M3 Lab: Mesoscale Meteorology and Modeling

dorita_r.jpg

Associate Professor (Adjunct)

Room 304 South

dorita.rostkier-edelstein@mail.huji.ac.il

Affiliate Scientist, The National Center for Atmospheric Research, Boulder, Colorado, USA

https://www.researchgate.net/profile/Dorita_Rostkier-Edelstein

https://scholar.google.com/citations?hl=en&user=mvpCw_0AAAAJ

Research Interests 

My research focuses on mesoscale meteorology and modeling and pursues to improve numerical weather and climate prediction at high spatial resolution. I put special emphasis on developing data assimilation approaches that can optimally improve model initial conditions by assimilation of conventional and satellite observations into the model.

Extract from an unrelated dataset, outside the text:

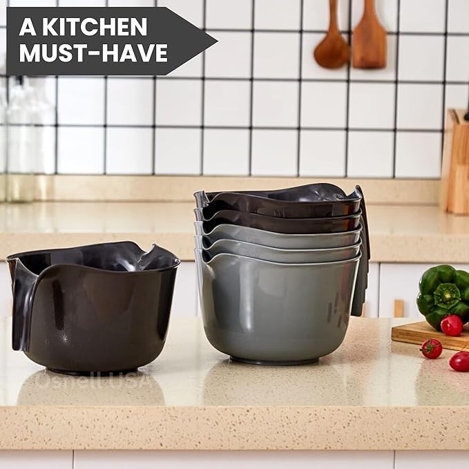 - Mess Free Pour Spout Bowls: Our mixing bowls are constructed with an embedded pour spout that reduces spillage while transferring mixes and is perfect for pouring for pancakes, cakes, and more. Keep your kitchen clean and mess-free

Moreover, much of my efforts are devoted to developing and improving dynamical downscaling methods to efficiently achieve computationally expensive high resolution model-calculated climatologies. I develop analogues and weather-regimes based downscaling methods and and apply them in seasonal forecasts and future climate projections. The use of observations and models provide me the tools to better understand the physical and dynamical processes responsible for the mesoscale phenomena of interest such as sea-land breeze, foehn, hydraulic jumps, convective precipitation, dust emissions and transport, urban weather, among others. 

I recently entered the world of machine learning to improve weather forecasts.

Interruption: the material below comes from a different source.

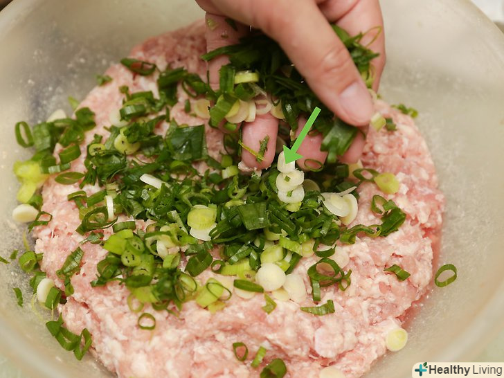 Змішайте м'ясо з приправами. можна обійтися покупкою 600 грам ковбасного фаршу. Однак він може виявитися занадто жирним, тому деякі кухарі вважають за краще суміш з ковбасного і свинячого фаршу в співвідношенні 50/50. Можна не тільки поєднувати різні смаки приправлених ковбасок, а й вибрати звичайні сосиски, присмачивши їх спеціями і зеленню. (Дивіться вище можливий список інгредієнтів).- Або ж придбайте сирої ковбасний фарш. Просто розріжте оболонку, щоб відкрити упаковку, і пересипте вміст в миску.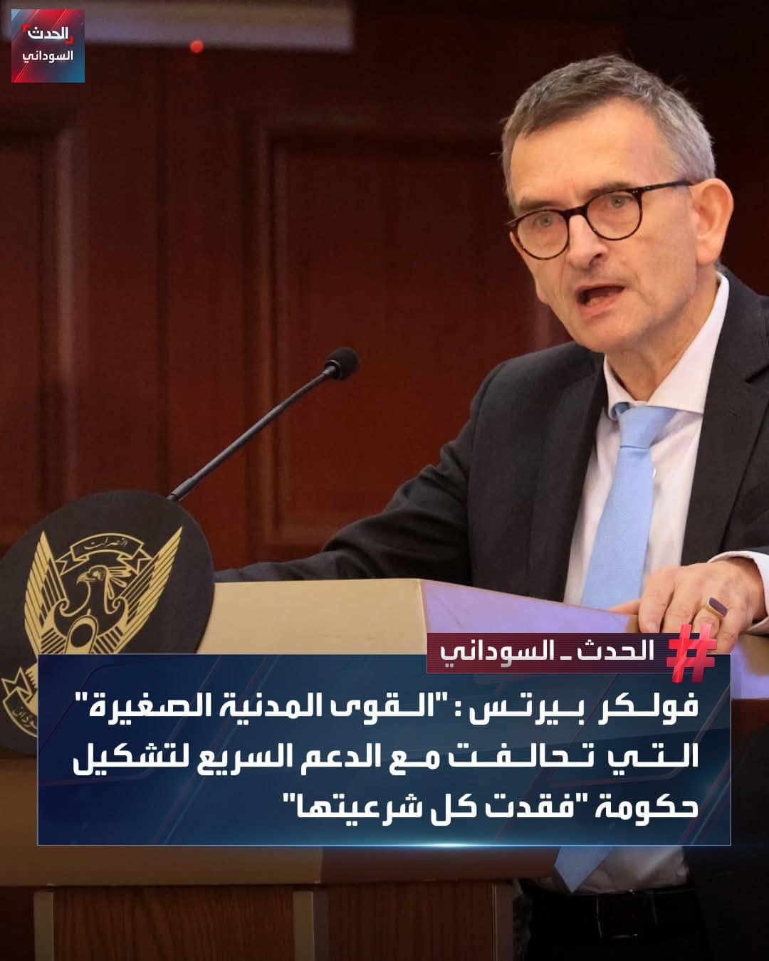 قال المبعوث الأممي السابق للسودان فولكر بيرتس، إن “القوى المدنية الصغيرة” التي شكلت مؤخرًا تحالفًا سياسيًا مع قوات الدعم السريع لتشكيل حكومة تحت سيطرة قوات الدعم السريع فقدت كل شرعيتها.

My research is intended to have academic impact and at the same time to develop tools to serve in clima-tech applications.

Ongoing and future projects:

  • Data assimilation of opportunistic observations into weather models to improve convection scale precipitation forecasts.

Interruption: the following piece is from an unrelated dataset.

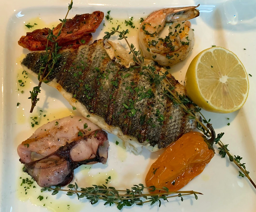 Voici un restaurant qui est situé à deux pas de la place Navona. C’est un restaurant très prisé par les Italiens. Sa réputation n’est pas surfaite. L’entrée est très discrète, avec côté cuisine un étal digne d’une poissonnerie. Le décor est sobre, mais raffiné. Le chef, Gino Tarquinio, privilégie la qualité, sélectionne ses produits et, à partir d’eux, réalise le menu. La philosophie du restaurant s’articule autour de l’alchimie harmonieuse de deux facteurs: la sélection rigoureuse des matières premières et le choix de tout préparer au dernier moment.

  • Data assimilation of satellite observations into weather models to improve forecasts of high impact weather.

  • Seasonal forecasts of precipitation and evapotranspiration: development of statistical downscaling and machine learning techniques

  • Improvement of atmospheric dust-aerosol model by incorporation of a turbulent thermal diffusion parameterization and improved dust-soil emission parameters.

  • Application of machine learning techniques to estimate future climate projections of meteorological variables affecting human health.

  • Machine learning using weather models and satellite observations to improve fog forecasts

  • Development of a prototype high resolution reanalysis for our region.

  • Investigation of the impact of meteorological and climate conditions on urban comfort and pollution.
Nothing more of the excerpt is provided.